So, Half-Life 2 wins the "Game of the Decade" honors from Spike TV's Video Game Awards. For one thing, you should take EVERYTHING that comes from that awards show with a grain of salt... but yet, people are still bitching about it.
I could totally understand if people just disagreed that HL2 is worthy of the honor, but people are straight up calling the game shit and overrated.
I've been gaming for a long time... since Atari 2600. I've played the top games on every system.
I've karate-chopped more friends in GoldenEye 007 than I care to admit. I've stomped my fair share of mushrooms in their own kingdom. I've fought the Covenant. I've gone treasure hunting with Lara Croft and Nathan Drake alike. I've Red Dead Redeemed myself.
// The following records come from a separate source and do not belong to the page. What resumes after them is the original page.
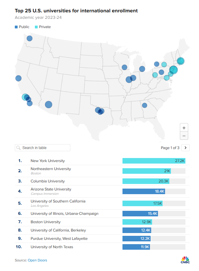 据统计,在2023-2024学年,纽约大学、西北大学和哥伦比亚大学的国际学生均超过2万人。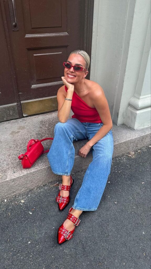 Red statement heels with buckle detailing, a matching red mini bag, and coordinating sunglasses turn the color story into a standout moment. With slicked-back hair and a confident attitude, this outfit feels playful yet put-together, delivering effortless city-cool energy.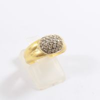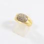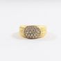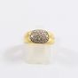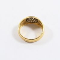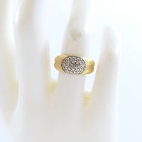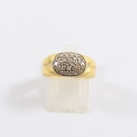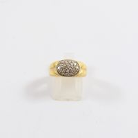 Bague en or 750 mil figurant 2 godrons, centrée d'un motif ovale orné de diamants (Larg : 8 mm ; TDD : 53,5). 4,2 g brut.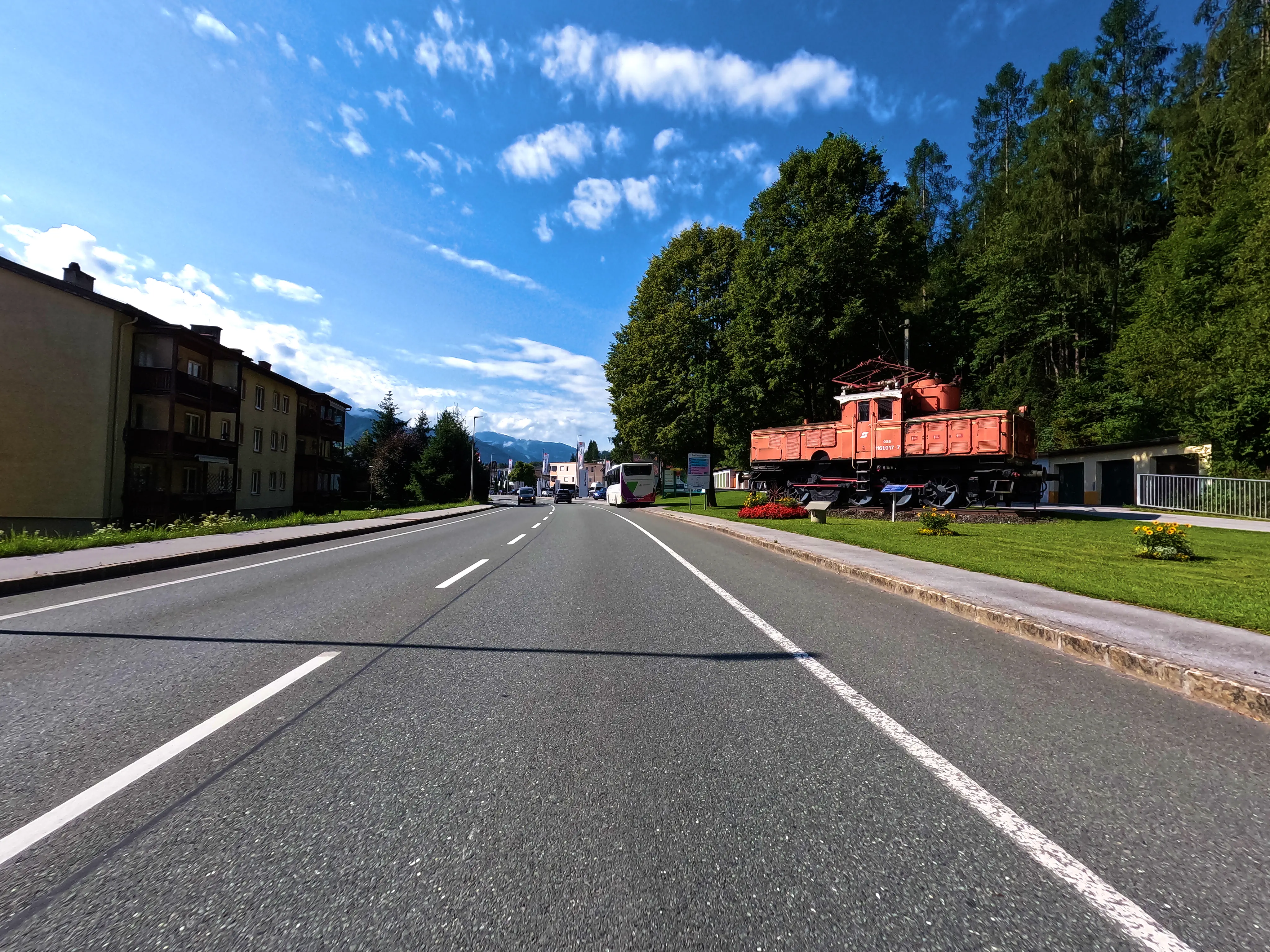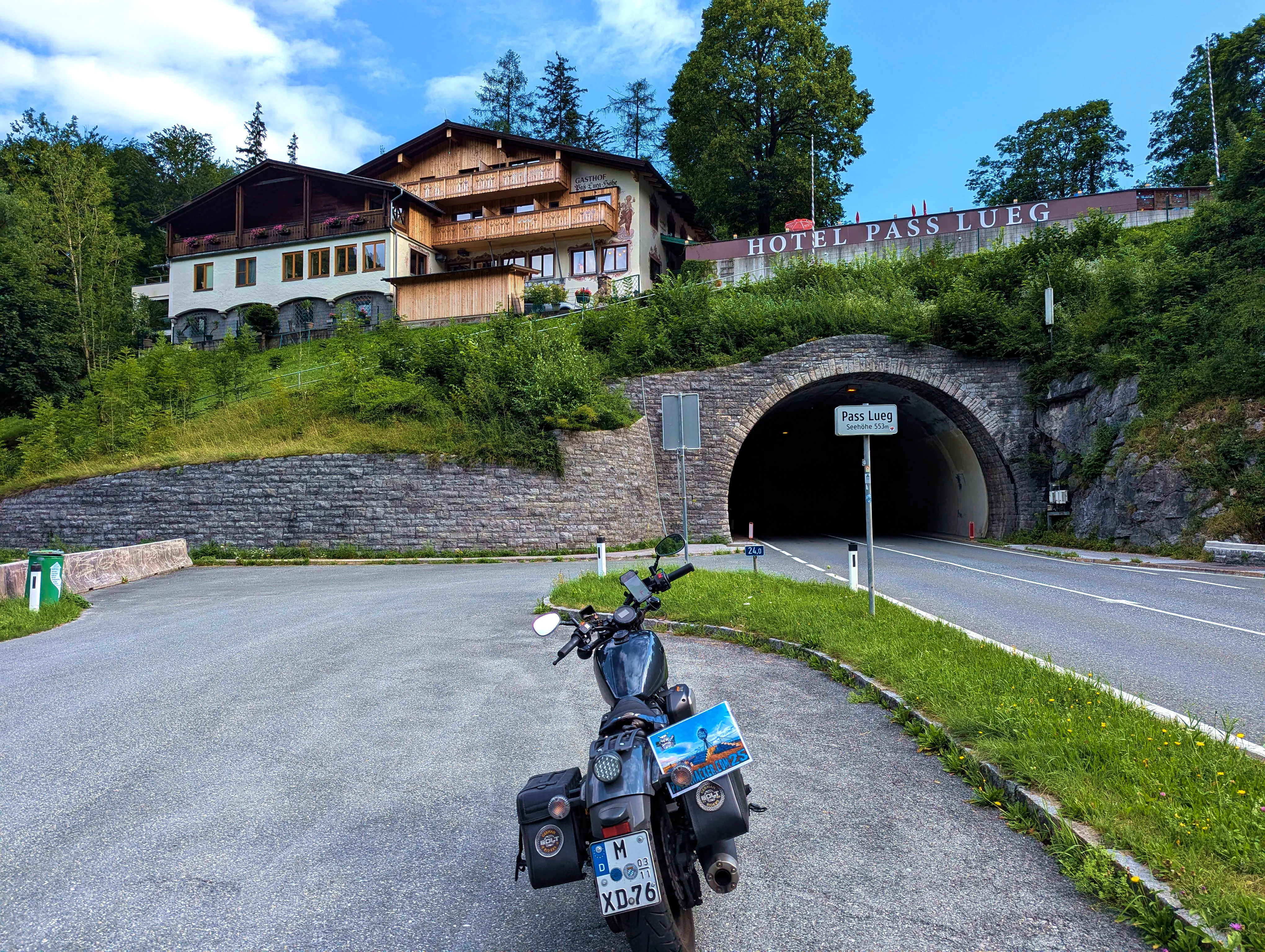 Mit vollem Tank ging es zum nächsten Ziel, dem Pass Lueg. Dieser war über die B159 nur 3 Kilometer von der Tankstelle entfernt. Ich hielt in der Parkbucht am Tunnel mit Blick auf das Hotel, um mein Nachweisfoto zu knipsen. Von hier aus ging es weiter über die B159 in Richtung Süden, vorbei an der Festung Hohenwerfen bis Bischofshofen.

I've grand-thefted autos, crafted mines, and walked the dead.
As many incredible gaming moments I've experienced over the past two decades, no game has ever enthralled me as much as Half-Life 2.
Sure, by todays standards, the graphics aren't impressive, the physics are nothing surprising, and even the story telling doesn't stand out.
But experiencing that game for the very first time was more than just exciting - it was... moving, i guess would be a good word.
No other game I had ever played looked as good, sounded as good, felt as real or had me caring more for its characters than Half-Life 2. It was revolutionary.
I don't think modern gamers can truly appreciate how great HL2 is. They missed their chance to experience it from that fresh perspective. Given the fact that MOST games today - especially first person shooters - ape much of Half-Life 2's design philosophy, it's not surprising that modern games would have a hard time seeing what's so revolutionary about it. It's all stuff they've seen thousands of times now.
Today, you might look back on early 1900's automobiles and be less than impressed. Slow, terrible ride quality, difficult to operate and not pleasing to the eye... but if all you had ever known before that was horse-drawn carts, it would have been life changing.
I'm not suggesting that HL2 is to video games what the car was to transportation... my point is that you can't appreciate something of the past unless you also share the mindset of the time before its inception.
Half-Life 2 deserves "Game of the Decade" because it set the standard and influenced almost every game that came after it.